Уже засыпая, Александр вдруг вспомнил девочку Апраксину, ощутил на себе ее взгляд. «Какая прелестная девочка!» — подумал он.

4
Бродяга Антонио — частый гость в студии Александра. Он приходит без приглашения и внимательно наблюдает за работой художника. Во рту у него дымится маленькая трубка. Выкурив ее, поговорив с Александром о том о сем, он уходит, не прощаясь, не хлопая дверью. Оглянется Александр, а его уже и след простыл.

Антонио — мудрый старик. Он видел Наполеона, видел расстрел неаполитанского короля Мюрата{54}. На его глазах австрийцы расправлялись с карбонариями. Он сам едва избежал расправы, чудом спасся и укрылся в Риме. Антонио любит рассказывать Александру о себе, о бедах Италии, о сыновьях Никколо и Лодовико, которые вырастут хорошими борцами за свободу Италии.

Александру легко с Антонио. Он тоже рассказывает ему о своем семействе, о том, что матушка умерла, не дождавшись его из Рима, что брат Сергей учится в Академии художеств, что Алексей Марков вызван в Петербург и сделан профессором (и слава богу! А то бы Александру ехать), что батюшкин недоброжелатель, профессор Егоров тоже уволен из Академии государем: написал неудачные образа…

Антонио можно пожаловаться на судьбу, на Киля, который торопит с окончанием картины. Но разве она такова, чтобы удовлетвориться беглым исполнением?..

Однажды Антонио привел в студию сына Лодовико. Юноша, с быстрыми, любопытными глазами, ловкий и подвижный, понравился Александру. Он тотчас попросил его встать в позу выходящего из воды и принялся за рисунок. Но Лодовико не Антонио: тут же поменял позу, не в его характере стоять неподвижно.

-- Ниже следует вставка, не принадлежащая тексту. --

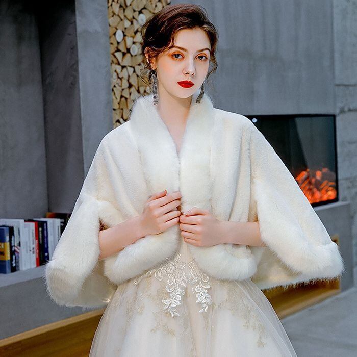 ボレロ レディース ファーショール ケープ ファー ファーポンチョ ふわふわ もこもこ ショール パーティー 冬 暖かい ウェディングドレス ポンチョ 可愛い 披露宴 二次会 演奏会 発表会 shankuan17 | オキナ商店
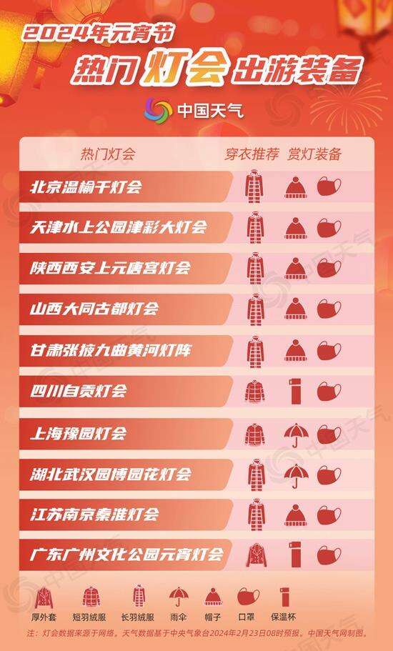 不过花灯虽美,观赏时也要做好保暖和健康防护。元宵节当天,北方大部地区天气利于赏灯,但最低气温普遍在冰点以下,山西大同甚至低于-10℃,寒意十足,有外出赏灯计划的朋友建议穿上长款羽绒服保暖;南方体感普遍湿冷,上海、湖北武汉、江苏南京、四川自贡的朋友也需羽绒服护体,上海、武汉、南京还将伴有降水,容易出现道路积雪或结冰现象,待在家中“云赏灯”也是不错的选择;广东广州体感会舒适很多,全天气温都在10℃以上,外出赏灯的朋友穿件厚外套足矣。此外,元宵节赏灯时人员密集,容易形成交叉感染,建议各位佩戴好口罩,避免扎堆,做好健康防护和安全工作。

— Учись терпению, Лодовико, — сказал ему Александр. — Терпение и ожидание наш удел.

— Ожидание чего? — спросил старик Антонио. — Лучшей жизни? Мессии?

— Лучшей жизни. Мессии, — согласился Александр машинально. Антонио долго молчал, потом, когда Александр позабыл о разговоре, увлекшись рисунком, сказал:

— Когда же явится мессия, или он только в твоей картине?..

Александр карандаш выронил от неожиданности. Как? Может, ему послышалось?

— Да ты понимаешь, Антонио, что говоришь? — наконец Александр обрел дар речи. — Разве я пророчествую о втором пришествии Христа?.. Я взял библейский сюжет, потому что он каждому доступен. Это моя проповедь добра…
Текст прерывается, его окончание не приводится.